About this exercise:
Leave out the pictures and retype, exactly, the lines below from the line with "Nowoczesna komoda dwudrzwiowa" up to and including the line with "Schakelketting 4 laags", nothing more.

Input records:

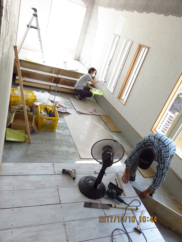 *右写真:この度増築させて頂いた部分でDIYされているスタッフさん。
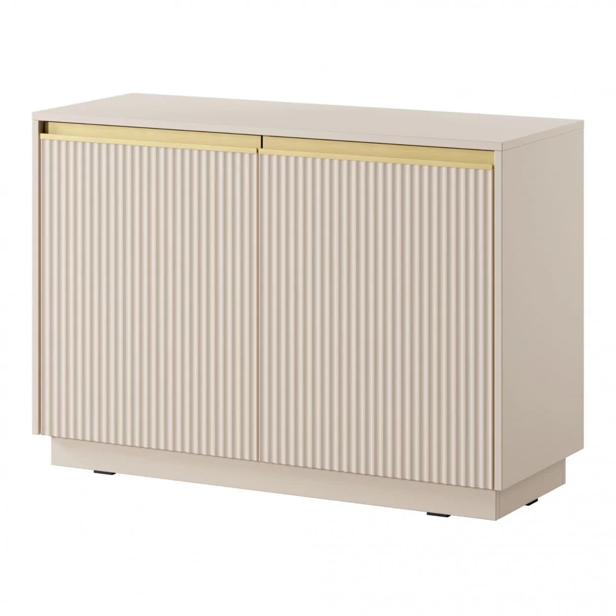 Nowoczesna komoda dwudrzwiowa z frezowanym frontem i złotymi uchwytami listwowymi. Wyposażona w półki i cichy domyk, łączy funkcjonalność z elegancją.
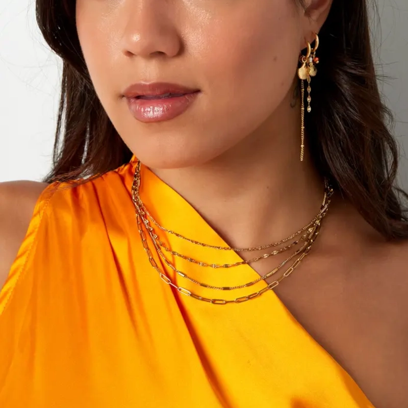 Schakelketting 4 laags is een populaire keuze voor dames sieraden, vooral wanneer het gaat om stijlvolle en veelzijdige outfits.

* * *

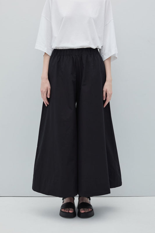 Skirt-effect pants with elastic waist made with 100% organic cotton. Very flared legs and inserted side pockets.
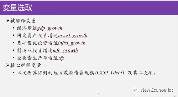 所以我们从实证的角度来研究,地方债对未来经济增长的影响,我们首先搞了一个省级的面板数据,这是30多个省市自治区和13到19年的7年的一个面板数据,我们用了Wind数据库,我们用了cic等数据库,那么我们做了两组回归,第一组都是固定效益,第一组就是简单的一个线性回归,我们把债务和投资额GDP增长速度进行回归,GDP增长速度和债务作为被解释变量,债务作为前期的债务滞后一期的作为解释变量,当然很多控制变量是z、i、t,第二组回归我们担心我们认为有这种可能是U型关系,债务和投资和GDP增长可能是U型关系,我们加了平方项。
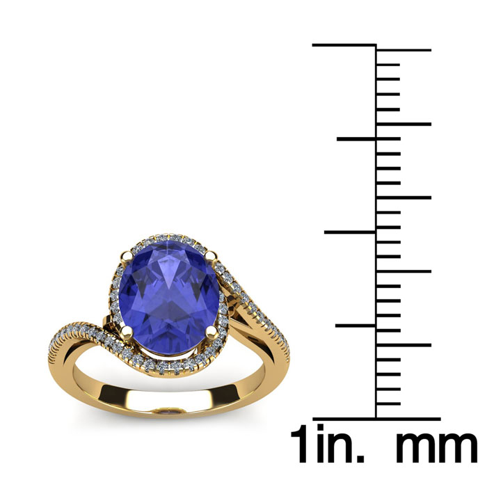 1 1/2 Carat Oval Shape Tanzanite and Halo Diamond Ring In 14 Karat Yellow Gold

Solution to this problem:
 Nowoczesna komoda dwudrzwiowa z frezowanym frontem i złotymi uchwytami listwowymi. Wyposażona w półki i cichy domyk, łączy funkcjonalność z elegancją.
 Schakelketting 4 laags is een populaire keuze voor dames sieraden, vooral wanneer het gaat om stijlvolle en veelzijdige outfits.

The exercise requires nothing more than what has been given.